Are those four tools being used on Galaxy Main already with
this basic parallelism in place?

Main still runs these jobs in the standard non-split fashion, and as a resource that is occasionally saturated (and thus doesn't necessarily have extra resources to parallelize to) will probably continue doing so as long as there's significant overhead involved in splitting the files. Fancy scheduling could minimize the issue, but as it is during heavy load you would actually have lower total throughput due to the splitting overhead.

Looking at the code in lib/galaxy/jobs/splitters/basic.py its
comments suggest it only works on tools with one input and
one output file (although that seems a bit fuzzy as you could
be using BWA with a FASTA history item as the reference -
would that fail?).

I haven't tried it, but probably.

I see also interesting things in lib/galaxy/jobs/splitters/multi.py
Is that even more experimental? It looks like it could be used
to say BWA's read file was to be split, but the reference file
shared.

Yes.

Regarding the merging of the out, I see there is a default merge
method in lib/galaxy/datatypes/data.py which just concatenates
the files.
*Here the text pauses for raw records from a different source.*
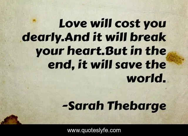 This page presents the quote "Love will cost you dearly.And it will break your heart.But in the end, it will save the world.". Author of this quote is Sarah Thebarge. This quote is about love, cancer, god, virgin-mary, hope, somalia, the-invisible-girls, chemo, refugees,.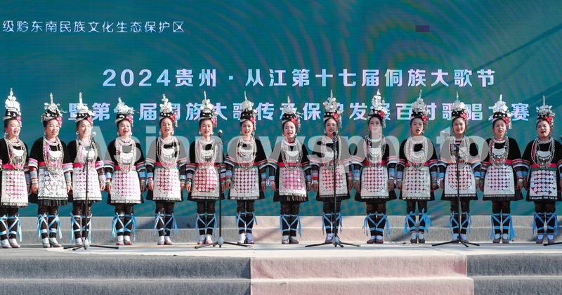 图片说明:2024年12月16日,参赛选手在贵州省从江县侗族大歌百村歌唱大赛活动上演唱侗族大歌。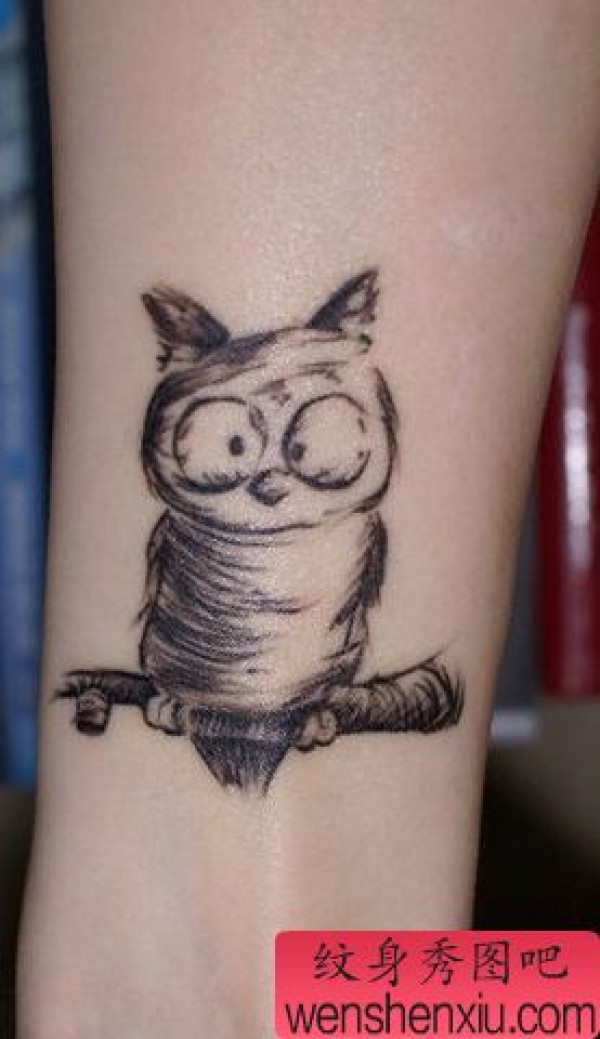 手臂简洁猫头鹰纹身图案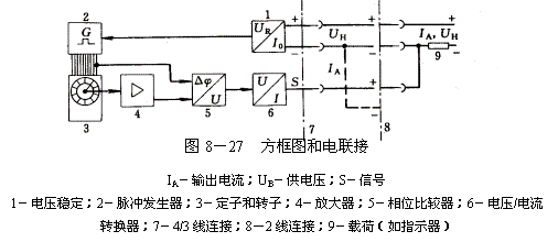 电动阀位传送器能把0°~340°的转角位移变换为和角度成比例的输出信号。这个信号是和载荷无关的直流电信号: 4/3线连接时为0~20mA。(图8-27) 2线连接时为4~20mA。 电子阀位传送器和开关元件、信号装置一样装在防爆电子执行机构上,调节阀维修量极少。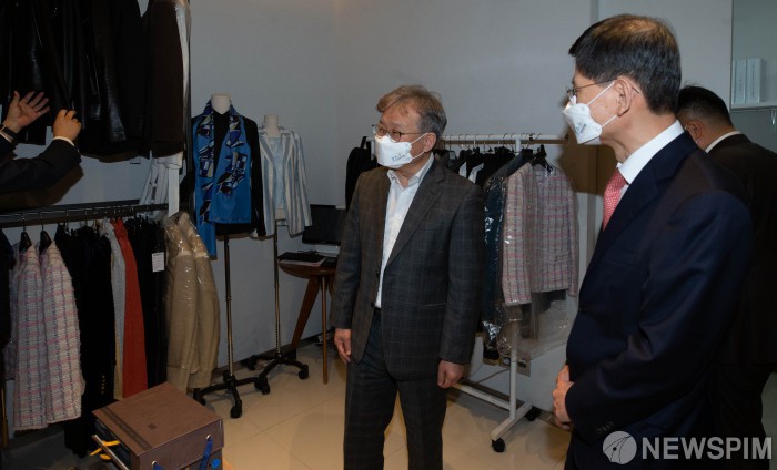 [서울=뉴스핌] 윤창빈 기자 = 권칠승 중소벤처기업부 장관(왼쪽)이 27일 오후 서울 강남구 바디프랜드 본사에서 열린 자상한 기업 업무협약식을 마치고 직원 복지 시설을 둘러보고 있다. 2021.04.27 pangbin@newspim.com
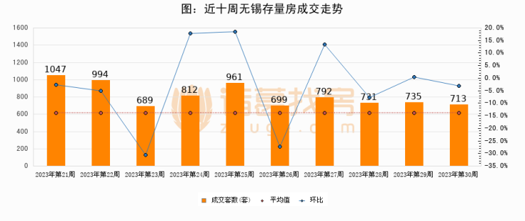 存量房方面,第30周无锡存量房成交713套,较上周减少22套,环比下降3%。从近十周成交走势来看,周均成交套数为817套,本周低于平均水平12.7%。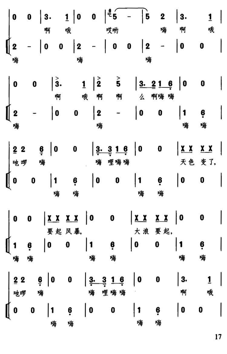 《川江船夫号子(四川民歌、杜宇整理版)》简谱 四川民歌、陶鹏采编作词、杜宇整理第8张
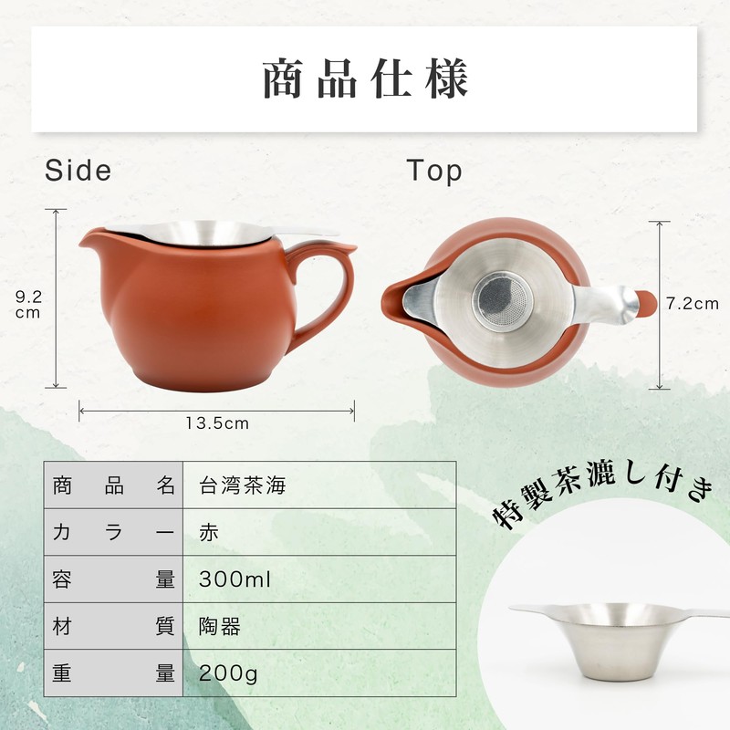 • Made of Taiwan clay, breathable and suitable for all kinds of tea. Green tea, Oolong, Pual tea, Tea etc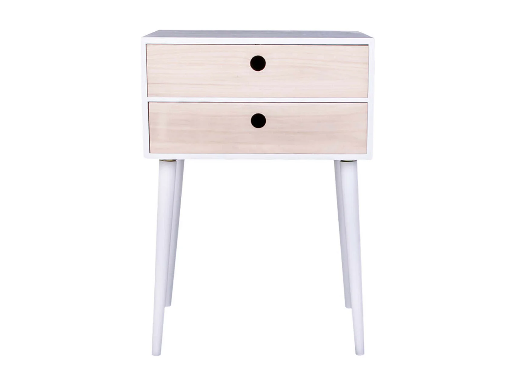 PAPAY - Chevet 2 Tiroirs Paulownia Blanc et Naturel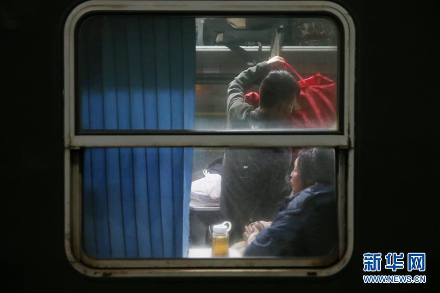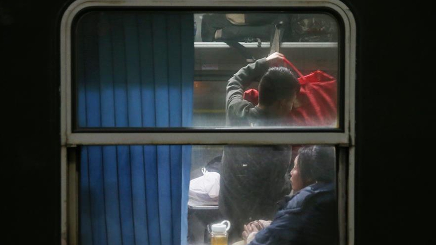 1月13日早朝、旅客が上海南から重慶北に向かう列車内に荷物を置く。この列車は「春運」(旧正月前後の帰省ラッシュ・Uターンラッシュ)期間の、上海発の1本目となった。13日より、今年の40日間の春運が始まった。期間中の全国旅客輸送量は、前年同期比2.2%増の延べ29億7800万人になる見通し。

I am surprised at that - it seems like a very bad idea in
general - consider many binary files, or XML. Why not put this
as the default for text and subclasses thereof?

I can't think of a better reasonable default behavior for "Data", though you're obviously right that each datatype subclass will need to define particular behaviors for merging files.

OK then, I hope to have a play with this shortly.

Good luck, let me know how it goes, and again - contributions are certainly welcome :)

-Dannon